Usernames are the unique element in terms of registration. They are always lower-case in order to avoid similarly named users. Avoiding phone and/or emails for this allows the users to change them easily.
Passwords are hashed:
- Using the PBKDF2 key derivation function
- Using the SHA-512 hash function
- Doing 1 000 000 iterations
- Using a 16-byte cryptographically strong salt
- Creating a 16-byte password hash
- The specific algorithms and/or numbers could be evolved which is supported by a version token stored alongside the salt and the password hash
- Another improvement would be to use pepper which would make the solution too complicated for now
When creating a session each user is provided:
- A client ID which is used to distinguish between the same user logged in different clients (e.g. mobile and browser)
- A JWT access token containing the necessary claims (e.g. user ID, user name, client ID, role) and an appropriate expiration
- The user full profile in order to allow managing it
- The address of the messaging server to use in order to send messages, react etc.
The profile gets created during registration and is returned when creating a new session. Profile management includes:
- Changing the password
- Editing the trivial properties (e.g. display name)
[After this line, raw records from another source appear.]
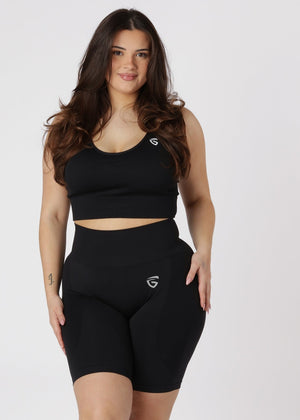 Sports bh'en er almindelig i størrelsen, og vi anbefaler den størrelse du normalt bruger. Modellerne på billedet bruger str. Small og Large.
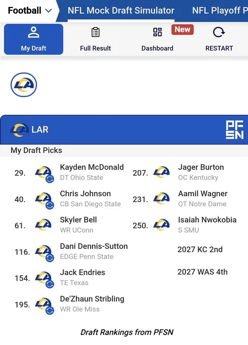 That said… I sure hope we somehow nab an offensive weapon with that #13… but no doubt the Rams will stress me out on a trade down.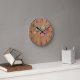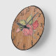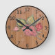 Relógio Redondo Rosa vermelha no fundo de madeira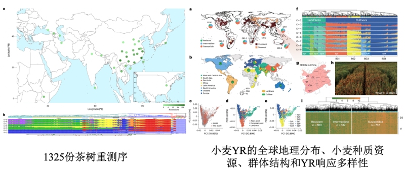 群體重測(cè)序與多組學(xué)(轉(zhuǎn)錄組、代謝組、表觀(guān)組等)的聯(lián)合應(yīng)用,是解析植物復(fù)雜性狀遺傳機(jī)制、挖掘優(yōu)異基因的核心技術(shù)范式,尤其在植物育種與物種演化研究中價(jià)值突出。例如,在水稻紋枯病抗性研究中,通過(guò)對(duì)178份商業(yè)水稻進(jìn)行測(cè)序和人工接種,結(jié)合GWAS分析與重測(cè)序,發(fā)現(xiàn)了天然優(yōu)勢(shì)等位基因SBRR1,并完成遺傳機(jī)制解析和基因功能驗(yàn)證;在小麥條銹病研究中,對(duì)來(lái)自全球2,191個(gè)小麥種質(zhì)的變異組數(shù)據(jù)和超過(guò)47,000條跨多種環(huán)境和病原菌品系的YR抗性數(shù)據(jù),利用GWAS分析分析抗性基因位點(diǎn),克隆抗性基因并評(píng)估其有效性;在1325份茶樹(shù)及其近緣種重測(cè)序研究中,揭示茶樹(shù)與其近緣種的遺傳分化、進(jìn)化瓶頸、種間基因滲入以及野生資源保護(hù)現(xiàn)狀,同時(shí)結(jié)合GWAS和mGWAS鑒定了葉片形態(tài)、兒茶素、咖啡因等農(nóng)藝性狀及風(fēng)味代謝物的關(guān)鍵候選基因;在甜橙的起源與在馴化研究中,收集測(cè)序226份柑橘材料,組裝了甜橙和酸橙的T2T基因組以及4個(gè)相關(guān)柑橘品種的基因組,明確甜橙起源于酸橙與柑橘的雜交。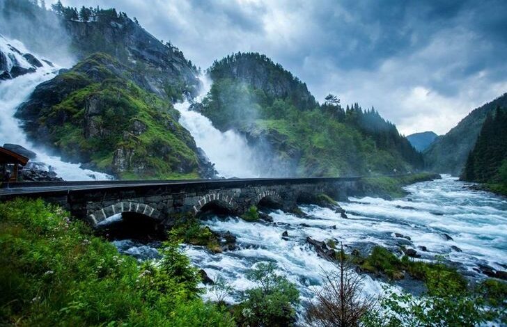 الجسر القديم فوق شلال ليت فوسن Låtefossen في النرويج
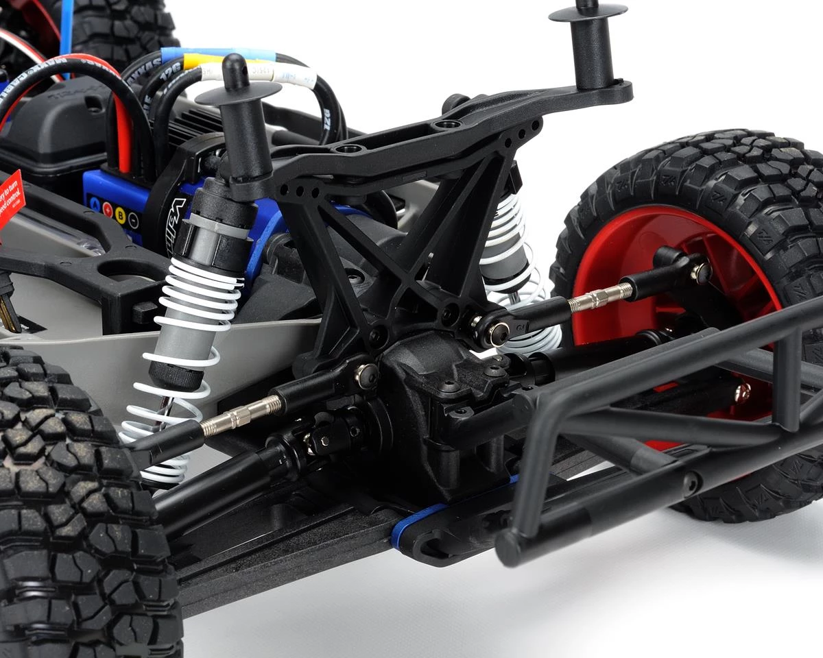 Traxxas Stability ManagementTM (TSM) allows you to experience your Slash’s extreme power, speed, and acceleration by making it much easier to control on slippery surfaces such as loose dirt, smooth concrete, and even ice and snow. Go ahead, punch it off the line!
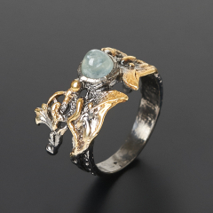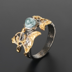 Кольцо аквамарин Бразилия (серебро 925 пр. позолота, родир. черн.) размер 18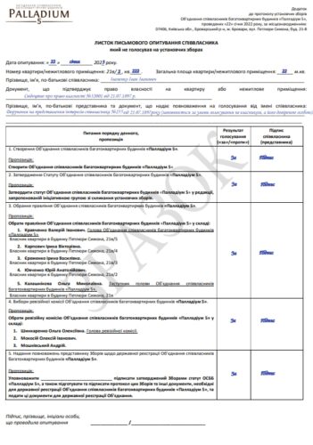 пИСЬМОВЕ Голосування НА ЗБОРАХ ЗА ДОПОМОГОЮ кеп

- Support for changing avatar would be added when uploading an avatar image gets implemented
- Support for changing the phone and the email would require confirmation and would be added subsequently
The issue of lost updates is considered in the implementation. This occurs when the same user authenticates from 2 different clients and tries to concurrently update his/hers profile. Optimistic concurrency is applied using a separate version column, a date-time value which gets updated on each profile change.
Searching for users by name supports specifying a desired part of the user name, such as mar, which would return all public profiles for user with user names like maria, martin, marvel etc. The implementation relies on PostgreSQL full-text search capabilities implemented with pg_trgm extension which creates and updates an index using trigrams. Such an index supports not just prefixes and suffixes but SQL queries LIKE '%mar%' with good performance. In order to avoid overloading the database a minimum pattern length of 3 is required and search results are cached as well. The number of public profiles returned is limited to a value from the dynamic configuration in order to avoid returning an excessive amount of data when common names match the pattern.
Public profiles are obtained by the clients when opening all chats and a single chat. Since the public profile data doesn't change frequently, calling the User database is avoided if the requested public profiles are already in a User cache. This reduces latency and also reduces the load on the User database. The profile entries are added for a certain amount of time, after which they expire.
Connections are obtained by the clients when opening all chats and a single chat. Since connection data doesn't change frequently, calling the User database is avoided if the user connections are already in a User cache. This reduces latency and also the load on the User database. The connections for a user are added for a certain amount of time, after which they expire.
Connections can be created and managed using the following actions - invite/accept/cancel/remove. For each valid and successful action there is a notification for the initiating and targeted users for all their connected clients. Cache is not updated so if a notification is lost the connection data cached would not be up-to-date. Considering the reduced usage of this feature and the low likelihood for a notification to get lost, that's an acceptable compromise for now.
User files are uploaded to and downloaded from a dedicated file storage. They cannot be edited and are immutable. File limitations enforced include size of up to 512KB. File download access is controlled by dedicated object tags - users which includes user IDs and groups which includes group names. Files are stored in separate buckets for each day. Within each bucket there is a folder for the specific user. This allows for grouping files primarily by time, not by user, resulting into more predictable bucket sizes.
The user-file association is stored in a dedicated table in the User DB. It stores the bucket name and path which link to the file storage. Associations are queried using a timestamp - all user files newer than a specific date. Since associations are immutable and because of the ability to query them via a timestamp, dedicated cache is not needed. Clients initially load the full list of files for the current user and subsequently request only the newer ones.